Taking Refactoring Further
Here at Sourcery, we love refactoring, and I couldn't leave this code alone without trying to refactor it further.
This is as far as I could get "simplifying" the code in __main__.py
to achieve the same result:
import random
import typing
from itertools import accumulate, takewhile
from more_itertools import last
from sourcery_tutorial_introduction.playlist import Playlist
from sourcery_tutorial_introduction.tracks import Track, MAGIC_TRACKS
T = typing.TypeVar("T")
def shuffle(items: typing.Sequence[T]) -> typing.Sequence[T]:
return random.sample(items, len(items))
def create_playlist(
tracks: typing.Sequence[Track],
condition: typing.Callable[[Playlist], bool],
) -> Playlist:
"""Create the largest Playlist from `tracks` (in order) that satisfies `condition`."""
return last(
takewhile(
condition,
accumulate(
tracks,
Playlist.with_track,
initial=Playlist.empty(),
),
)
)
if __name__ == "__main__":
tracks = shuffle(list(MAGIC_TRACKS))
condition = lambda playlist: playlist.duration_seconds < 1800
result = create_playlist(tracks, condition)

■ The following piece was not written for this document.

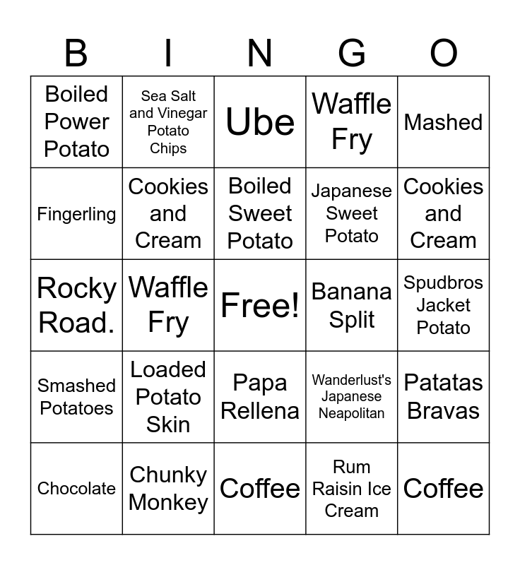 This bingo card has a free space and 63 words: Roasted Yukon Gold potatoes drizzled in olive oil with Rosemary and salt & pepper, French Fries, Fondant Potatoes, Patatas Bravas, Sea Salt and Vinegar Potato Chips, Potato Chips, Sea Salt and Vinegar Potato Chips, Sweet Potato Fry, Boiled Sweet Potato, Chip, Papa Rellena, Mashed, Spudbros Jacket Potato, Mashed, Home Fries, Fingerling, Waffle Fry, Boiled Power Potato, Gnocchi Speziato, Japanese Sweet Potato, Loaded Potato Skin, Smashed Potatoes, Waffle Fry, Waffle Fries, Mashed, Loaded Baked Potato, Mashed potato or Hash Brown, Garlic and feta mashed potatoes, In n Out Animal Style, Potato Gratin, Dirty Loaded Tots, Chocolate, Matcha Ice Cream, Cherry, Cookies and Cream, Chocolate, Chocolate, Rum Raisin Ice Cream, Strawberry Cheesecake, Cookies and Cream, Rocky Road., Banana Split, Chocolate Chip Cookies, Thrifty Cookes n Cream, Coffee, Chunky Monkey, Coffee, Wanderlust's Japanese Neapolitan, Coconut Pineapple, Bacon & Yogurt, Bananas Foster, Coffee, Coffee Ice Cream, Coffee, Ben & Jerry's Cherry Garcia, Ube, Mixed Strawberry and Rocky Road, Cookies and Cream, Vanilla or Coffee, Half Pistachio and Half Black Sesame Gelato, Vanilla + Coffee + Mango with Chocolate Topping, Daiquiri Ice and Green Cardamom and Rose Infused slow churned vanilla ice cream with baklava crumbles and dark chocolate ganache drizzle.

print(result.duration_seconds)
There are a couple of principles at work here:
- dependency injection - don't hard-code values (including conditions) and don't fetch data that could be passed in
- abstraction - calculations belong on the dataclass in question
- declarative programming - avoiding imperative loops and mutations can make code easier to debug
This kind of refactoring exercise is how we figure out how Sourcery should work! If you have suggestions for refactorings, do reach out, we love to hear them.